The Tribunal upheld the penalty imposed under section 271(1)(c) of the Act, amounting to Rs. 13,000, due to the assessee's failure to provide evidence regarding undisclosed deposits. The CIT (A) justified the penalty under the Explanation to section 271(1)(c), emphasizing the onus on the appellant to prove absence of fraud or neglect. The Tribunal rejected the appellant's argument on the deleted provision's applicability but agreed to recalculate the penalty based on tax sought to be evaded. Consequently, the appeal was partially allowed, directing reassessment of the penalty amount by the ITO.
Issues: - Imposition of penalty under section 271(1)(c) of the Act - Applicability of Explanation to section 271(1)(c) of the Act - Nature and source of deposits - Failure to provide evidence regarding cash credits - Quantum of penalty imposable
Analysis:
The case involves an appeal against the order of the CIT (A) upholding the penalty imposed by the ITO under section 271(1)(c) of the Act amounting to Rs. 13,000. The assessee, a firm, filed its return of income for the assessment year 1975-76, declaring a total income of Rs. 1,76,130. However, the ITO assessed the total income at Rs. 2,45,130, including an addition of Rs. 13,000 from undisclosed sources.
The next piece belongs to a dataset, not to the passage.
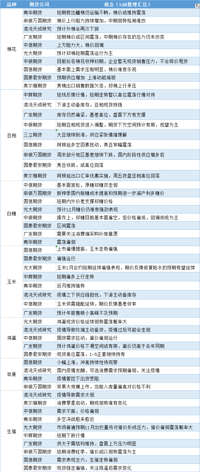 期货公司观点汇总一张图:11月28日农产品(棉花、豆粕、白糖、玉米、鸡蛋、生猪等)日期:2022-11-28 11:37

The assessee failed to provide evidence regarding the nature and source of these deposits, leading to the imposition of the penalty by the ITO.
The CIT (A) upheld the penalty, citing the Explanation to section 271(1)(c), which deems concealment of income if the returned income is less than 80% of the assessed income, unless proven otherwise. The CIT (A) emphasized the onus on the appellant to prove the absence of fraud or neglect, which was not discharged in this case due to the lack of explanation regarding the cash credits. The CIT (A) referred to precedents from the Allahabad High Court to support the imposition of the penalty.
The appellant argued that the CIT (A) erred in applying the Explanation to section 271(1)(c) which was deleted for the relevant assessment year. The appellant contended that the penalty should be canceled based on the wrong application of provisions. The appellant also raised the issue of quantum of penalty, suggesting it should be based on tax sought to be evaded rather than income sought to be evaded, citing relevant case law.
The Tribunal upheld the imposition of the penalty under section 271(1)(c) of the Act, rejecting the appellant's arguments regarding the application of provisions and quantum of penalty. However, the Tribunal agreed with the alternative submission that the penalty quantum should be reworked based on the tax sought to be evaded, as per the law applicable at the time of filing the return. Therefore, the appeal was partly allowed, directing the ITO to reassess the penalty amount accordingly.